Opinion: New survey says polarization among young people, especially Democrats, getting worse

Staff File Photo By Matt Hamilton / Students walk across campus during a break between classes at Dalton State College in Dalton, Ga. in August.
Staff File Photo By Matt Hamilton / Students walk across campus during a break between classes at Dalton State College in Dalton, Ga. in August.

Remember all that talk about unity in President Joe Biden's inaugural address 11 months ago?

"My whole soul is in this - bringing America together" was one of his lines.

"For without unity there is no peace, only bitterness and fury" was another.

It was his way, supporters said, of trying to bring the country together after four chaotic years under Donald Trump.

Now, a new survey by Generation Lab/Axios polling suggests many people weren't listening - specifically the youngest (ages 18-24) voters in his Democratic Party, who favored him by larger numbers (65%) than any other age group.

According to the survey, nearly a quarter of college students wouldn't be friends with someone who voted for the other presidential candidate in 2020. But that amount is much more influenced by Democrats, 37% of whom wouldn't be friends with a Trump voter as opposed to Republicans, only 5% of whom wouldn't be friends with a Biden voter.

The divide widens when shopping at a store or supporting a business owned by someone who supported the other presidential candidate, and going out on a date with someone who so voted.

While 7% of Republicans wouldn't support a business of someone who voted for Biden and 31% wouldn't go on a date with someone who did, 41% of Democrats wouldn't shop at a store owned by a Trump supporter and 71% wouldn't go on a date with one.

Independent voters fell mostly between the two parties, with 11% saying they wouldn't be friends with someone who voted for a different presidential candidate than they did, 13% wouldn't support a business of someone who voted opposite from them and 29% said they wouldn't go on a date with someone who voted for the other guy.

Where it comes to where your bread is buttered - for whom you work - the partisanship eases up a little.

Only 7% of Republicans say they couldn't work for someone who voted opposite them, while 11% of independents and 30% of Democrats say they couldn't.

Women in each survey question were more strident in their views.

While 88% of men said they could be friends with someone who voted differently than they did, only 70% of women said they could. While 77% of men could go on a date with someone who voted differently, only 41% of women could.

Similarly, 84% of men could support a business of someone who voted opposite of them, but only 68% of women could. And 86% of men could work for someone who voted differently than they did, but only 76% of women could.

Interestingly, the percentages of Black and white voters who would do one thing or another were much more alike than were the percentages of men and women.

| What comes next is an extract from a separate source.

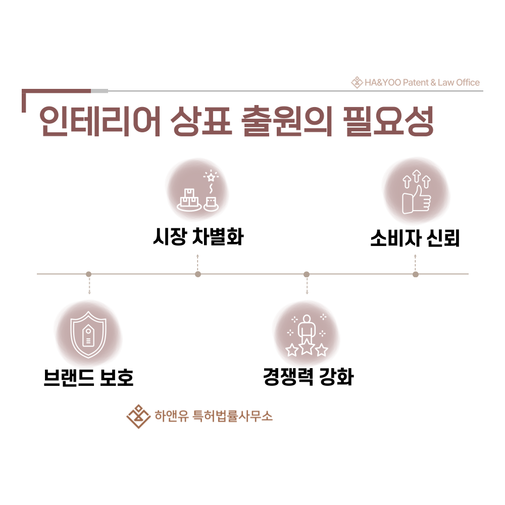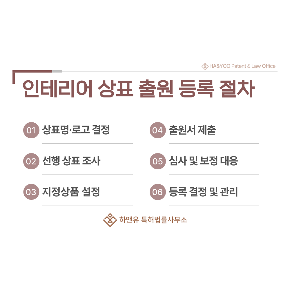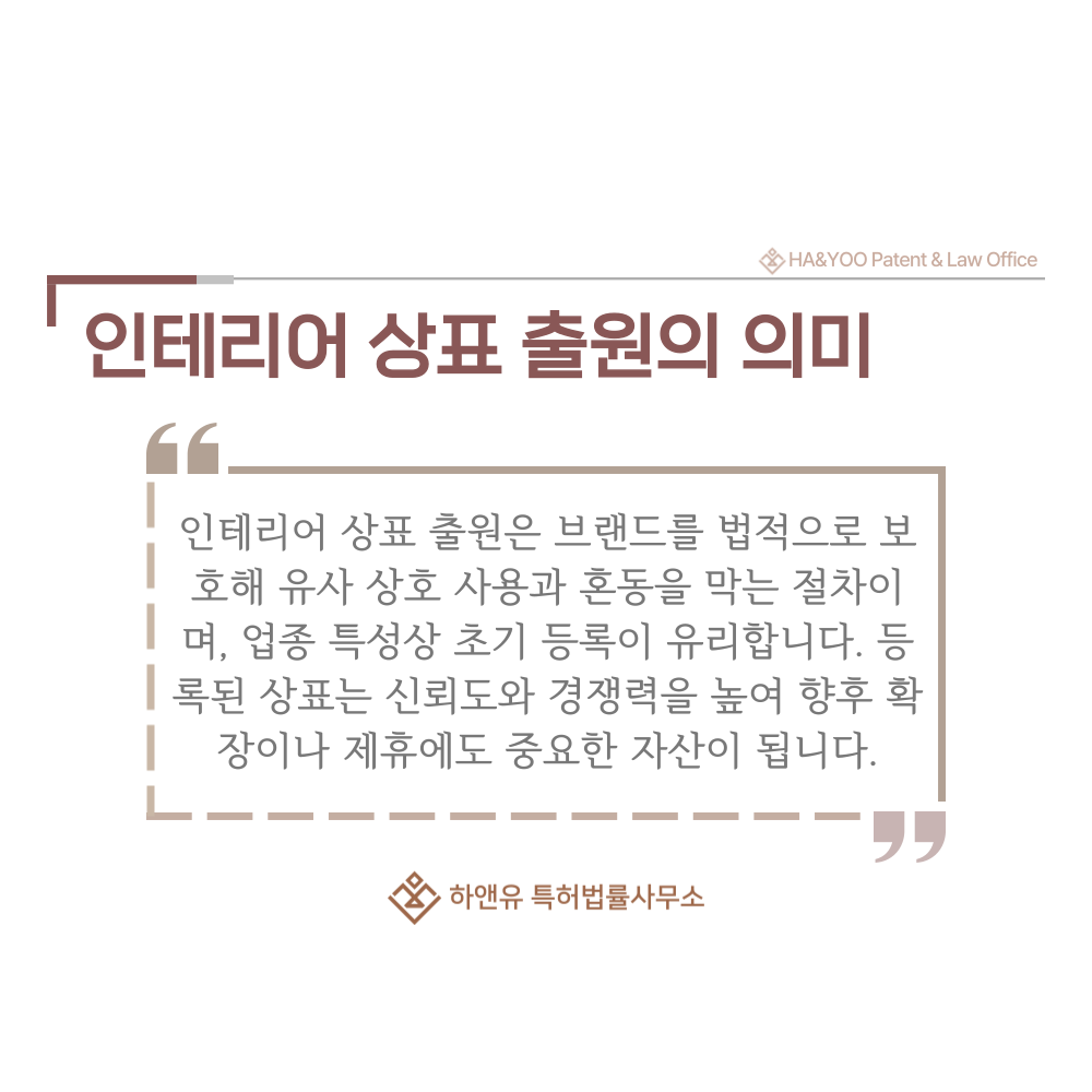 따라서 인테리어 기업은 사업 초기에 상표를 확보해 브랜드 자산을 안정적으로 보호하는 것이 중요합니다.

While the survey doesn't bode well for the current polarization in the country or for taking to heart anything Biden said in his inaugural address, the college age of respondents may offer a few clues.

Younger voters - usually heavily Democratic - are more easily swayed by emotions than facts, are more easily influenced by biased media than older voters and are frequently in the milieu of biased university professors than voters who are out of college.

But even age sometimes doesn't dampen the intolerance.

Two local folks come to mind, one a woman and one a man and both of retirement age. Both Democrats in the end chose partisanship over friendship.

Of the woman, individuals had asked us in the past, "How can you be friends with her? She is so partisan." We replied something about the issue being complicated. But when her partisanship overshadowed our friendship, we wondered if the other people were thinking "I told you so."

In the case of the man, loyalty to party and employer trumped a loyalty to the truth, and another friendship was dampened, if not ended.

What can turn these percentages around, particularly the intolerance among Democrats?

Axios suggests it may have something to do with Trump. While both parties were drifting to extremes before the former president declared his candidacy in 2015, Republicans usually had been the ones to give in on legislation, to let criticism in the media go unchecked and to be forced to play defense.

Trump, indeed, changed that and became the attack dog that Democrats had long been, answering back his critics and choosing not to play defense. Democrats, perhaps seeing themselves in him, not policy-wise but stylistically, didn't like what they saw and aimed to destroy him.

Yet, the former president has been out of office for 11 months, and the survey, taken Nov. 18-22, points only to a worsening of polarization.

Perhaps it's just a matter of time and circumstances. If so, we like what author Graham Greene said.

"People don't like reality," he wrote. "They don't like common sense, until age forces it on them."